▶ **Information given**
----------------
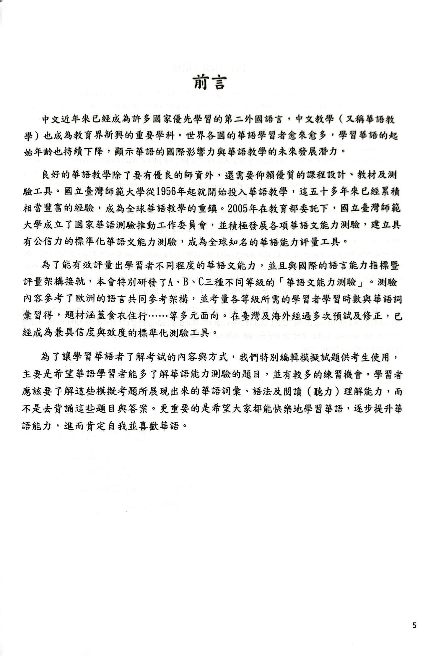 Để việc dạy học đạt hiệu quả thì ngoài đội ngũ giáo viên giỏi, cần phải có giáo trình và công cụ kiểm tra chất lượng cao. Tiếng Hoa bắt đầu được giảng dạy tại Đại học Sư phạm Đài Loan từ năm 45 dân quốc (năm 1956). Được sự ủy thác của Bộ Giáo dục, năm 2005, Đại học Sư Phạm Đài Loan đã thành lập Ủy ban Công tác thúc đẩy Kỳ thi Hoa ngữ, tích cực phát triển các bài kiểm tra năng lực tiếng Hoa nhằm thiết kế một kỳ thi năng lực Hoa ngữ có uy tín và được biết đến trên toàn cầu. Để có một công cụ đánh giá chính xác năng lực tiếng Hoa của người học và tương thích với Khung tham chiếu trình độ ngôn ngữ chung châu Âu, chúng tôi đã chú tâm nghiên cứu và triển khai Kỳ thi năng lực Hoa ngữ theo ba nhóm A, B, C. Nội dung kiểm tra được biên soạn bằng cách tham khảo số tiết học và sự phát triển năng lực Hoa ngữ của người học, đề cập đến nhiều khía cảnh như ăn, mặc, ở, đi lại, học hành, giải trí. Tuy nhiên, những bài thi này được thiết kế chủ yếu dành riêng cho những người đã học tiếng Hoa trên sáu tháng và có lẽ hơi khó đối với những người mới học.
----------------
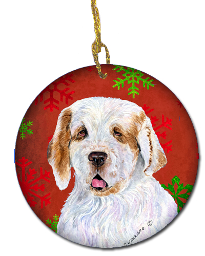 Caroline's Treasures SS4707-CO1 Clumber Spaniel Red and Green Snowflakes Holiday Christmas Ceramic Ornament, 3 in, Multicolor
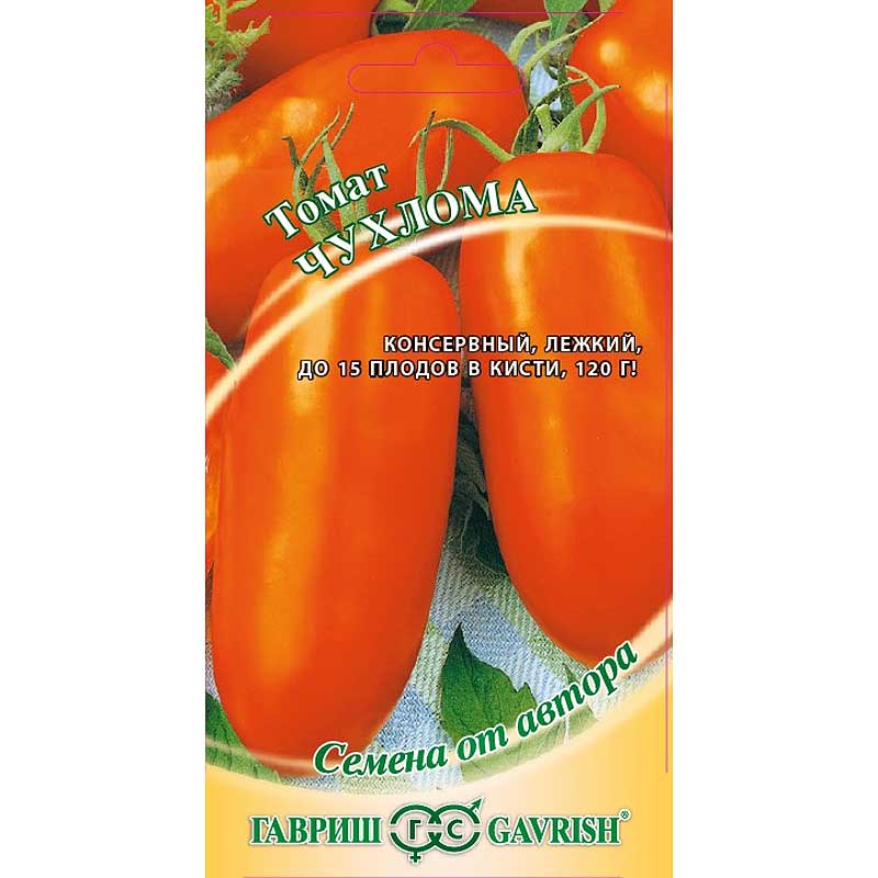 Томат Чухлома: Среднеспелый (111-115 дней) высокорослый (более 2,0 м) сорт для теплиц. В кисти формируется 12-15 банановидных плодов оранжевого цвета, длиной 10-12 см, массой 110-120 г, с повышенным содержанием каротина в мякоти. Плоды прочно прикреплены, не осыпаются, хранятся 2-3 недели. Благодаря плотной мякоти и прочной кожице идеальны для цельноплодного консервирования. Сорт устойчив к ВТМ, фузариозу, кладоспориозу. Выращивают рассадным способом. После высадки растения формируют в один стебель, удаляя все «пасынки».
----------------
Write out word for word the lines of the listing above from the line with "Caroline's Treasures SS4707-CO1" to the line with "Томат Чухлома: Среднеспелый", taking in both of those lines but no pictures.

 Caroline's Treasures SS4707-CO1 Clumber Spaniel Red and Green Snowflakes Holiday Christmas Ceramic Ornament, 3 in, Multicolor
 Томат Чухлома: Среднеспелый (111-115 дней) высокорослый (более 2,0 м) сорт для теплиц. В кисти формируется 12-15 банановидных плодов оранжевого цвета, длиной 10-12 см, массой 110-120 г, с повышенным содержанием каротина в мякоти. Плоды прочно прикреплены, не осыпаются, хранятся 2-3 недели. Благодаря плотной мякоти и прочной кожице идеальны для цельноплодного консервирования. Сорт устойчив к ВТМ, фузариозу, кладоспориозу. Выращивают рассадным способом. После высадки растения формируют в один стебель, удаляя все «пасынки».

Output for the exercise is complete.